El amor es un sentimiento que el sujeto experimenta desde los primeros momentos de su vida. En las relaciones afectivas iniciales del niño ya aparece el amor.
Al principio podemos pensar que comienza por identificación. Sigmund Freud la define como la más temprana ligazón afectiva. Desde ese preciso instante, la imagen del otro empieza a resultarle atractiva y a despertar todo su interés. Se trata de un interés de tipo narcisista, ya que copia rasgos o características del otro y las incorpora, las toma como propias y se apodera de ellas.
El término Narcisismo Freud lo toma de Nacke quien lo emplea para dar cuenta de personas que sienten amor a sí mismas. Él lo utiliza en su artículo pero aclara, que una dosis de narcisismo es necesaria para el sujeto, pero que un exceso del mismo, lo conduce a enfermar.
El niño durante su infancia se apodera de rasgos y características, tanto de las personas que lo cuidan, como del medio en el que se desarrolla. De este modo constituye su yo en relación al otro y se forman sus gustos. Este Otro lo nombra, lo mira, lo acaricia, le posibilita iniciar un camino que lo oriente, nutriéndose de manera narcisista de aquellas propiedades de los objetos necesarias para su formación.
Desde allí, el sujeto en su actividad de descubrimiento del mundo, comienza a desarrollar su deseo, que también se encuentra en vinculado al Otro.
Las primeras relaciones amorosas son fundantes y dejan marcas en el psiquismo. Por eso decimos que cuando uno ama, lo hace siguiendo la forma en que se sintió amado o recibió el amor. Es importante destacar este punto, ya que como planteamos al inicio, en el amor la identificación juega un papel muy destacado.
Uno ama, de acuerdo a como fue amado, pero cabe resaltar que no tiene por qué ser necesariamente igual. Puede tener las mismas condiciones o bien, otras totalmente diferentes, que para el caso es lo mismo. Que la relación tenga las mismas características, o se trate de algo diametralmente opuesto, es efecto de la identificación, que en ambos casos, se pone de manifiesto.
Tanto la elección de pareja, como la forma de vincularse con su objeto de amor, se encuentran siempre ligadas a las vivencias tempranas, en las que sale a la luz el narcisismo, ya que cuando uno elige, lo hace de acuerdo a sus gustos y siguiendo los modelos de amor que experimento con sus afectos primarios.
Miller en “Lógicas de la vida amorosa” nos dice que el modo de amor freudiano, el amor del complejo de Edipo, es repetición.
Cuando amamos, repetimos.

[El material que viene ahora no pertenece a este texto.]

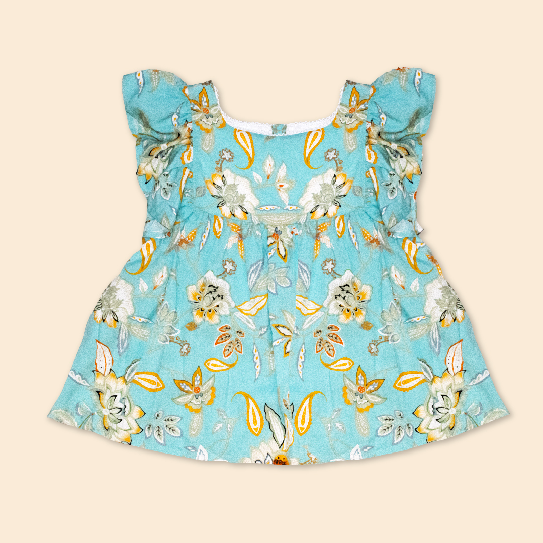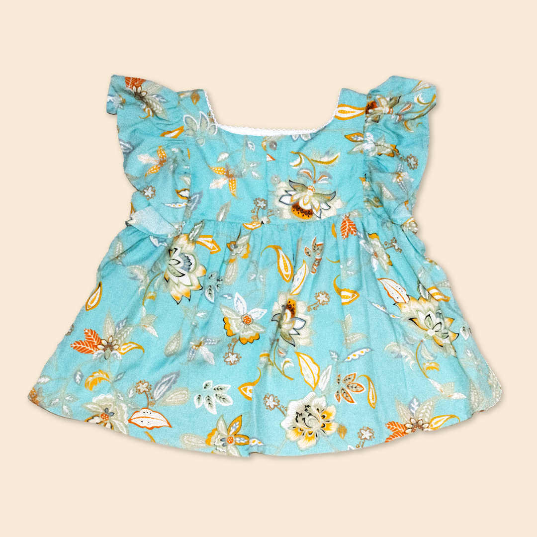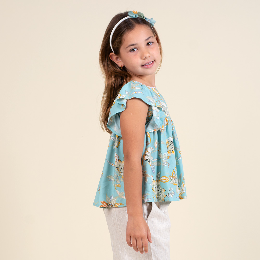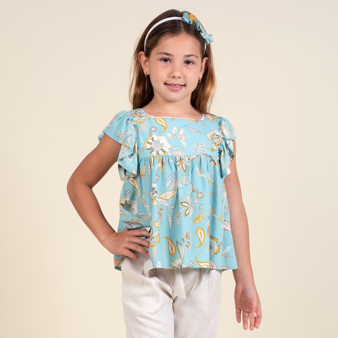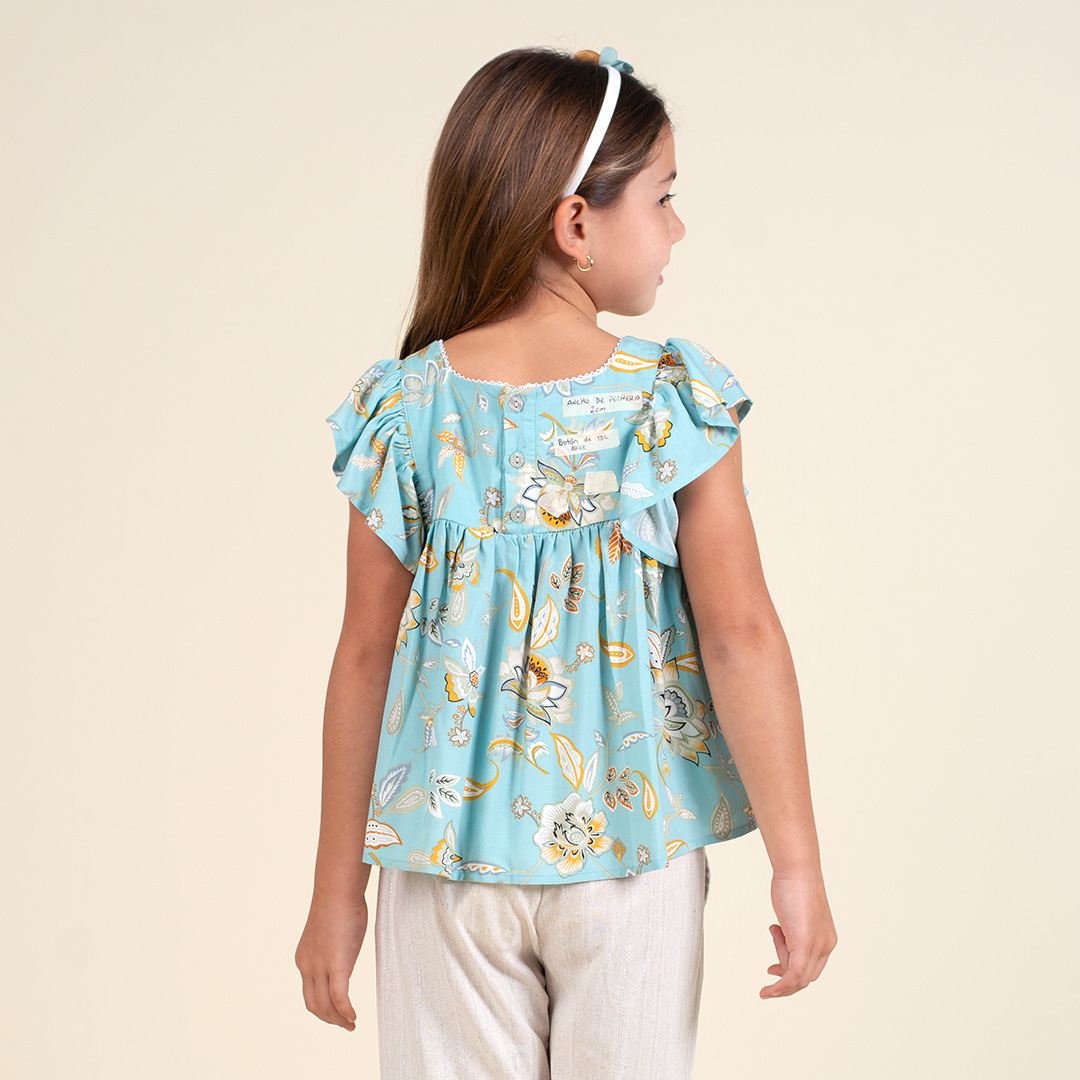 Blusa de tela estampada, escote recto, bobo fruncido en contorno de sisa, abertura en espalda con botones especiales, forro de 100% algodón peruano.

Buscamos un objeto de amor, lo encontramos, pero en realidad lo reencontramos, ya que ese objeto tiene características particulares, propias de otros amores del sujeto.

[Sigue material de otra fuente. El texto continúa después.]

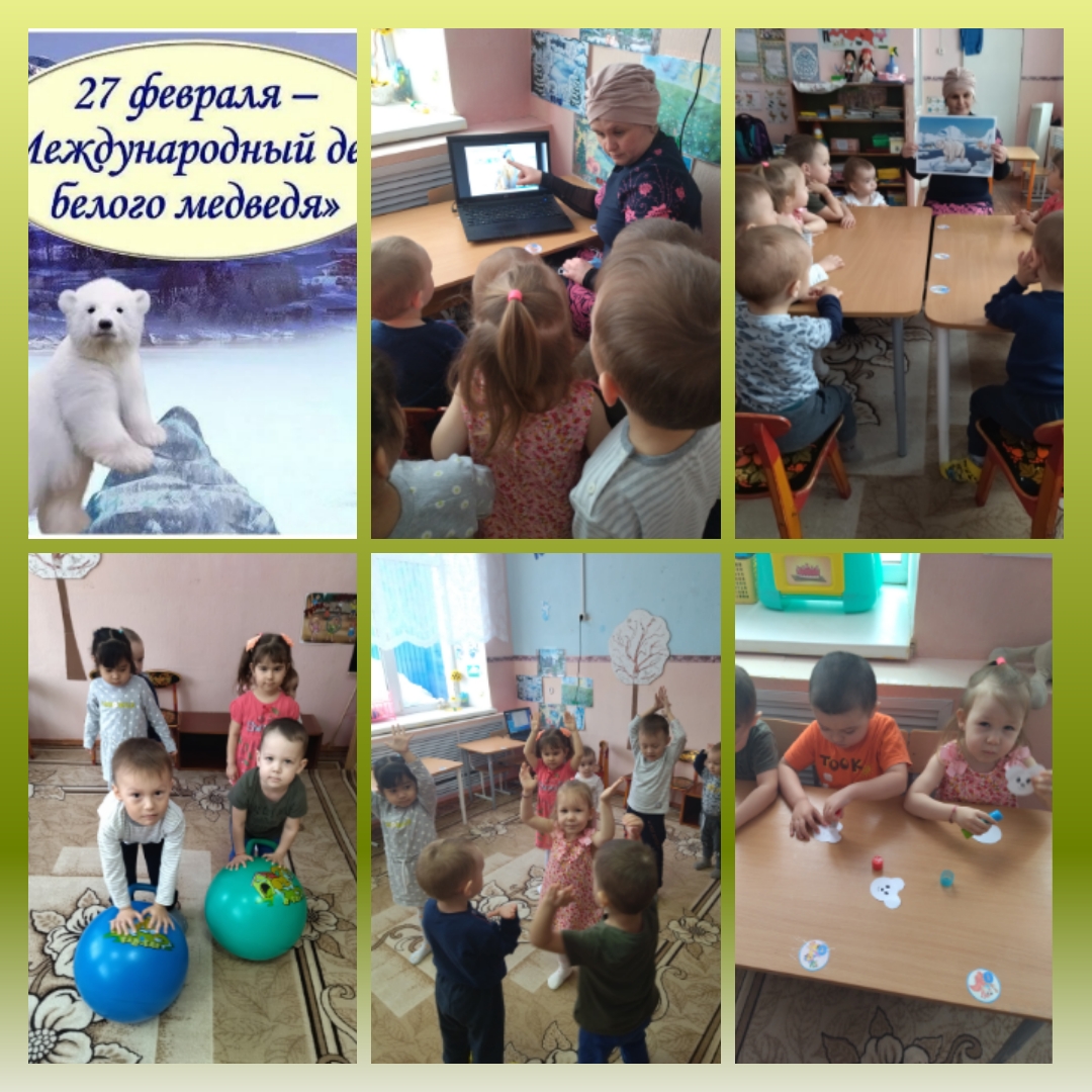 27 февраля отмечается международный День полярного медведя. 28 февраля в дошкольном образовании прошел тематический день "День полярного медведя". В этот день наши дети побывали в мире полярных властелинов и получили массу впечатлений. Дети совершили виртуальное путешествие в Арктику. Они узнали о жизни и повадках полярного медведя. Станецали под песню "Где то на белом свете". А затем ребята перевоплотившись в белых мишек принимали активное участие в соревновательных играх: "Кто больше наловит рыбок?", "Перекати снежный ком", " По следам белого медведя", "Удержись на льдине", сделали апликацию "Белая мишка", а закончилось мероприятие коллективным просмотром мультфильма "Умка". Проведенное познавательное мероприятие познакомило ребят с этим интересным животным, занесенным в Международную Красную книгу и Красную книгу России. Дети получили разностороннее представление о белом медведе и осознали важность защиты и сохранения этого вида животных.

Se trata de un objeto sustituto que viene a suplir a otro que está perdido o con el que no fue posible avanzar por las barreras de la prohibición del incesto que impone la ley paterna, tal como ocurre con el amor que se produce durante la infancia en el transcurso del complejo de Edipo.
Habitualmente utilizo una frase en mis clases, uno no se enamora de lo que más le conviene. Dado a que si alguien reúne todas las características que uno suele requerir no hay sorpresa, no hay nada que suponer, entonces pierde justamente, ese supuesto encanto y las posibilidades de seguir siendo atractivo.
El problema consiste, en que el amor no es fácil, porque no es lo que más nos conviene y lejos de la idealización que se suele tener, es un desencuentro. Dado que uno cree que el otro es lo que nosotros pensamos que es, y la mayor parte de las veces no hay coincidencia.
Uno cree, y cree ver porque mira con ojos enamorados y como bien suele decirse popularmente “el amor es ciego.”
El amor desde un principio nos introduce en el campo de la falta, nos enamoramos porque suponemos que el otro cuenta con un recurso que nosotros no tenemos, que nos va a ayudar a superar nuestras dificultades, que cubrirá nuestras carencias, pero eso no es el amor.
Los amores no son compensatorios, no llegan para completarnos.
El amor es una manera de intentar contornear ese vacío, que siempre será vació, y que nos confrontara no solo a nuestra falta sino también a lo insoportable de la falta en el otro.
El desafío es justamente, hacer algo en ese recorrido en torno al vacío, intentando sortear el malestar y construyendo relaciones posibles, no idealizadas, que se puedan sostener.